Feb 19, 2008

My Head Is In The Cloud This Morning

Last week I posted the following to twitter:

We’ve assembled 8 of the top developers we know and are talking about the future of the lamp stack

That was not entirely accurate. We put together an impromptu lunch last week and invited some of the top developers from our portfolio companies located in NYC to attend. We know a lot of great developers who didn’t attend the lunch. I wish they could have. Because it was fantastic.

We discussed the lamp stack (and derivatives) that almost every single one of them run their web app on. We discussed the scaling issues that they have all faced. And we discussed what we should be looking for in the future to make those scaling issues easier.

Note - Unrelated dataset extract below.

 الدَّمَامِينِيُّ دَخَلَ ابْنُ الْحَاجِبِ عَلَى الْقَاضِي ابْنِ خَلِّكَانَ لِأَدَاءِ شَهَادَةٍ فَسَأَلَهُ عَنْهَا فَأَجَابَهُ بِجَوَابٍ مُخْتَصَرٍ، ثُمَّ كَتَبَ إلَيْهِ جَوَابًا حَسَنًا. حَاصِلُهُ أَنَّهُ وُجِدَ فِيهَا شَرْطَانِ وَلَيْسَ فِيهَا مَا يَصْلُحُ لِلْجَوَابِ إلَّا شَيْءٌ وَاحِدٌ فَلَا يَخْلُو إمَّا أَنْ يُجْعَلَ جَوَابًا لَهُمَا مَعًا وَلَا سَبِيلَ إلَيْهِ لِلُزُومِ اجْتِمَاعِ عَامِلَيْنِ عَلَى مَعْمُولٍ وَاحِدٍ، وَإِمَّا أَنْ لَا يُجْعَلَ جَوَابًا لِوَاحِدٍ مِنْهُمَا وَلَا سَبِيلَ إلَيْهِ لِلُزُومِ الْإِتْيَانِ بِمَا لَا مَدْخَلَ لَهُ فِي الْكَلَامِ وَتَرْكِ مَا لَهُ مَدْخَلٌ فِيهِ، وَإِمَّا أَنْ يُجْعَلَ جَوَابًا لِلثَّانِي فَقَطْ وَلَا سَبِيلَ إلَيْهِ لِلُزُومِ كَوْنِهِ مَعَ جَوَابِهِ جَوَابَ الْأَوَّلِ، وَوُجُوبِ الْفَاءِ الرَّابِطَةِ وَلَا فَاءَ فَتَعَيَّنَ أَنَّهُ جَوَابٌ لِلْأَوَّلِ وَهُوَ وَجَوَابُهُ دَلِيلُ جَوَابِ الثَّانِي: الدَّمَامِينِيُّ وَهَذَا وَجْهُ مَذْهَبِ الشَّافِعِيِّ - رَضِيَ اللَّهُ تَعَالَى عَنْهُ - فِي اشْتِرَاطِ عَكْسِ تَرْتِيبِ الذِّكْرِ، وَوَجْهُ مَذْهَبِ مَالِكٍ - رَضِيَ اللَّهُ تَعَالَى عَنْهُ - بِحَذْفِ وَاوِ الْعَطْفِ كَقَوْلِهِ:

The first post (that I know of) that has resulted from that lunch is Alex Iskold’s cloud computing post on Read Write Web. For those of you who don’t know Alex, he is the founder and CEO of our portfolio company Adaptive Blue, he’s a great developer, and he also writes awesome blog posts at Read Write Web.

I dont’ want to summarize Alex’ post here because I think it’s an excellent discussion of scaling issues that the lamp stack creates and how cloud computing can overcome some of them for some companies.

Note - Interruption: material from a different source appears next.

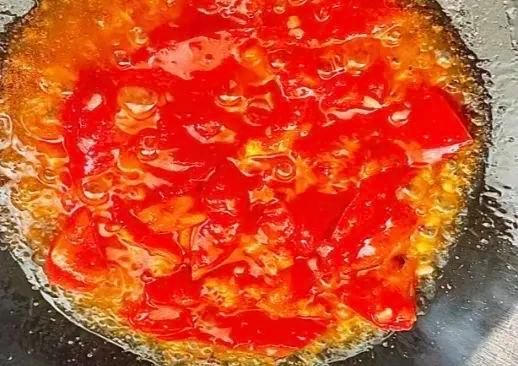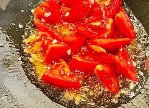 第二步,油热放蒜末爆香,下番茄块大火煸炒一会。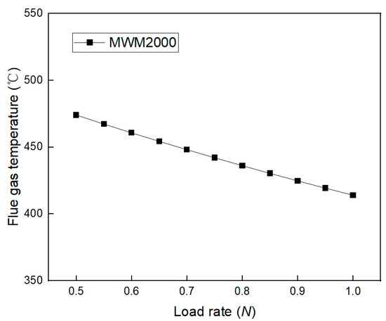 The thermal coefficient of the absorption unit is influenced by the temperature of the flue gas; therefore, a flue gas temperature model is established in this study. The exhaust temperature of unit MWM 2000 varies with the load, as illustrated in Figure 11, demonstrating a decrease as the load increases. Based on the manufacturer’s data on flue gas temperature under different loads, Equation (7) is derived.

Alex is a huge fan of relying on others to deal with the scaling issues so his company can focus on the application itself. Last year at our portfolio company offsite, when we were having a similar discussion, he said:

think about it, if you can’t trust Amazon to be up, who can you trust?

Of course, the day after our lunch last week, S3 went down for what seemed like the entire morning east coast time. Alex acknowledges that risk in his post and quotes my partner Albert Wenger who once told Alex:

We live in a stochastic world, but people fail to grasp it because all they experience is right now.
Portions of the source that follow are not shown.